Data extract:
#####
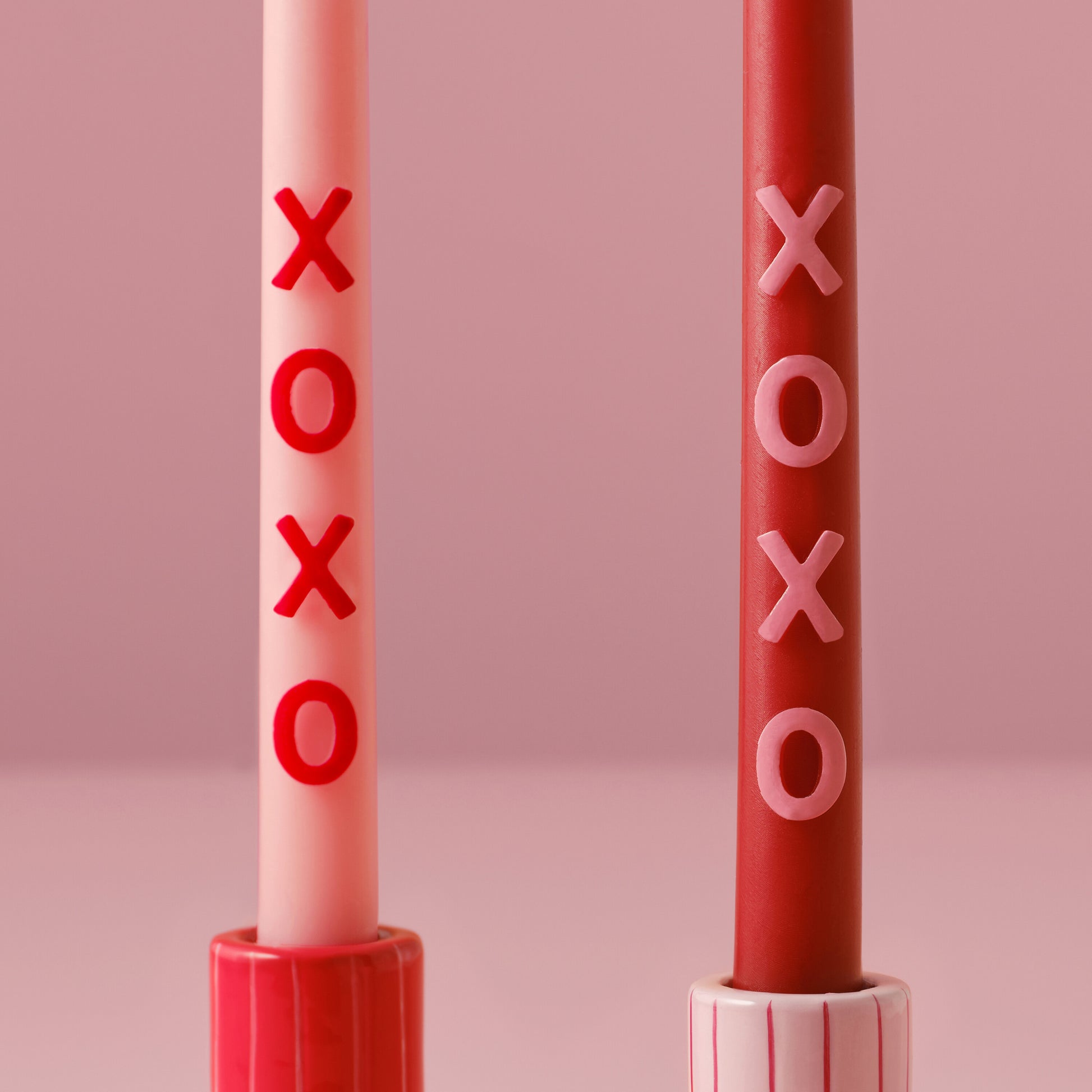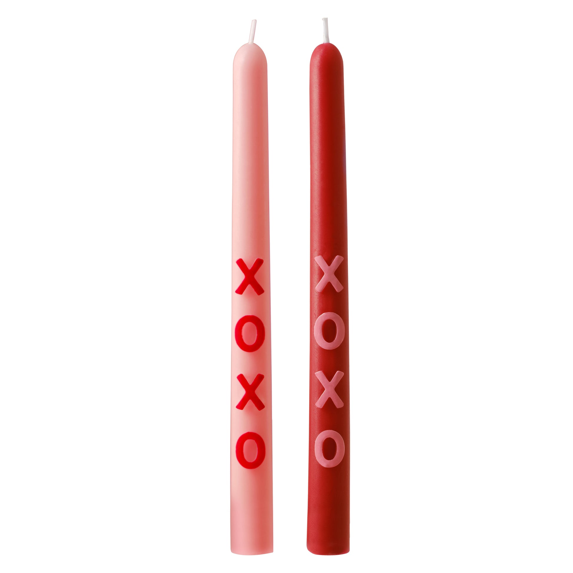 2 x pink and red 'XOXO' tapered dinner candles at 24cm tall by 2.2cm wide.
#####
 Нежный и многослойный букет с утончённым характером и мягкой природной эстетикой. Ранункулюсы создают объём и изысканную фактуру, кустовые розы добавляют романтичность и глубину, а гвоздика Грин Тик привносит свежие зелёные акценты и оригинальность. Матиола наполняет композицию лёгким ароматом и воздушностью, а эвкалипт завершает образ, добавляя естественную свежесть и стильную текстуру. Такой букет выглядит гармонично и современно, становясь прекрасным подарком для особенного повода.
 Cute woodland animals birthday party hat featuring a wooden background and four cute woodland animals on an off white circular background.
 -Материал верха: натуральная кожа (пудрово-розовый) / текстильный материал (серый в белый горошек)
#####
Begin at the line that has "Нежный и многослойный" in the entries above; stop after the line that has "-Материал верха: натуральная". Transcribe exactly those lines and no others.

Solution to this exercise:
 Нежный и многослойный букет с утончённым характером и мягкой природной эстетикой. Ранункулюсы создают объём и изысканную фактуру, кустовые розы добавляют романтичность и глубину, а гвоздика Грин Тик привносит свежие зелёные акценты и оригинальность. Матиола наполняет композицию лёгким ароматом и воздушностью, а эвкалипт завершает образ, добавляя естественную свежесть и стильную текстуру. Такой букет выглядит гармонично и современно, становясь прекрасным подарком для особенного повода.
 Cute woodland animals birthday party hat featuring a wooden background and four cute woodland animals on an off white circular background.
 -Материал верха: натуральная кожа (пудрово-розовый) / текстильный материал (серый в белый горошек)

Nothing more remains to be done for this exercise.